*** Provided material

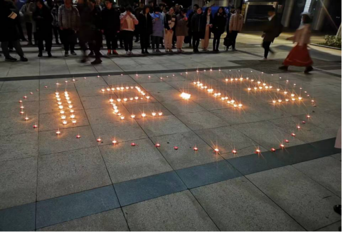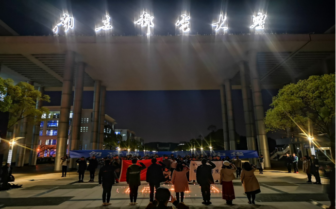 12月13日晚,yl88858cc,yl88858cc2018级学生在辅导员李桐安老师的带领下,在学校仙林校区南门口组织开展侵华日军南京大屠杀死难者悼念仪式。
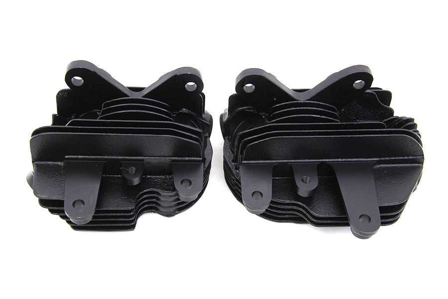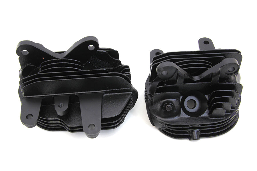 1937-1938 EL bare Knucklehead head set features OEM production numbers mc sign small intake port primer black plugs manifold nipples and are painted with black heat paint. Exact for 1937 only but can be used on 1937-1939 61 EL models. Either type of valve spring cover can be installed either cup type of full cover and top set. Accepts baby butt intake manifold springs valves collars spring cups and top tins included and assembled. *NOTE: Valve seats are installed but not cut. Uses 1-3/8 large hex 18mm plugs. *NOTE: Heads include feature detailed casting hallmarks as original black painted. *NOTE: Accepts large 1-3/8 hex Doering #3 spark plug set. Material of valve seats features a better hardenability and heat resistance than 1.2713. Material is tough with high compressive strength and high tempering resistance. Hardness equals 370-415 HB. Tensile strength equals 1250-1400 N/mn2. Condition is tempered.
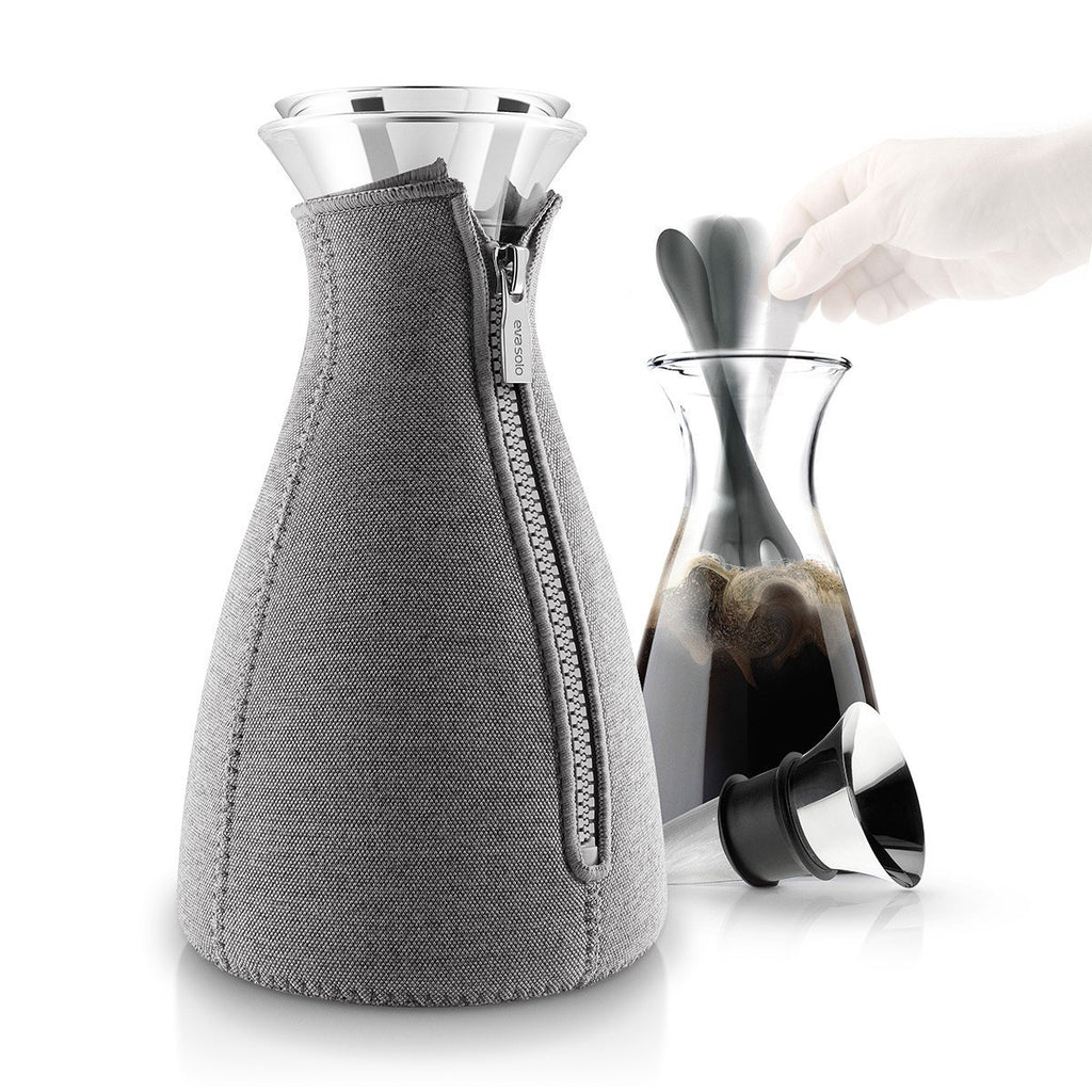 Drip-free coffee brewing flask with woven textile cover and stirrer.
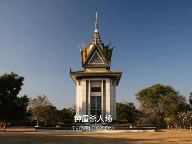 钟屋杀人场位于金边南郊,距离市区15公里,曾经是红色高棉的集中营。死在这里的多是来自S-21监狱的犯人,包括男女老少和婴儿,到目前为止在杀人场挖出的尸体就有9000多具,所以此处又称万人塚。1988年,金边政府在此建了一座佛塔,用来安放从坟塚里挖掘出来的头骨,借以追思纪念无辜的亡魂。
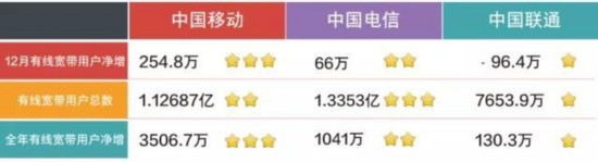 中國移動的12月、全年有線寬帶用戶凈增數(shù)均超過電信聯(lián)通總和的兩倍。中國移動在固網(wǎng)業(yè)務(wù)上采取超低價策略,但用戶總數(shù)仍與中國電信相差2000多萬,增速較前幾月也有所放緩,這也說明固網(wǎng)寬帶業(yè)務(wù)已經(jīng)觸到了天花板,發(fā)展新用戶越來越難。
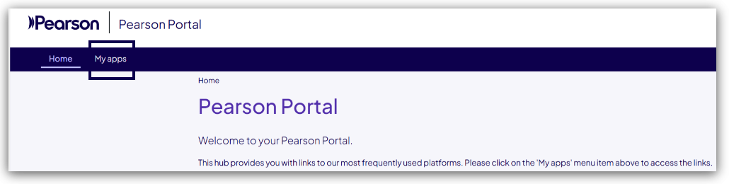 11. You will then see the Pearson Portal home page. Click on the 'My Apps' option:
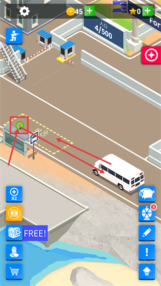 3、巴士抵达后点击【公交站】的交互标识,完成新兵接引操作,此时【人口-4/500】,资源同步更新,需持续关注设施状态。
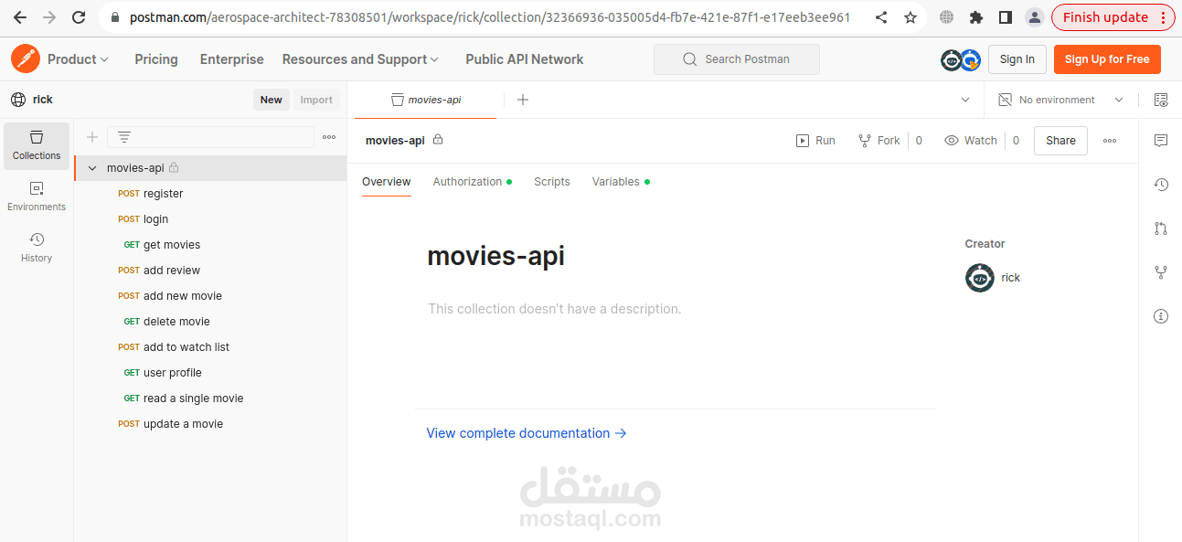 التطبيق هو rest API خاص بالأفلام، أنشأت السرفر باستخدام اكسبرس، بالموازاة مع MongoDB لإدارة قواعد البيانات.

******

> **Task brief**:
The copy starts at the line holding "11. You will" and ends at the last line of the records above. Transcribe those lines exactly, pictures excluded.

> **Task answer**:
 11. You will then see the Pearson Portal home page. Click on the 'My Apps' option:
 3、巴士抵达后点击【公交站】的交互标识,完成新兵接引操作,此时【人口-4/500】,资源同步更新,需持续关注设施状态。
 التطبيق هو rest API خاص بالأفلام، أنشأت السرفر باستخدام اكسبرس، بالموازاة مع MongoDB لإدارة قواعد البيانات.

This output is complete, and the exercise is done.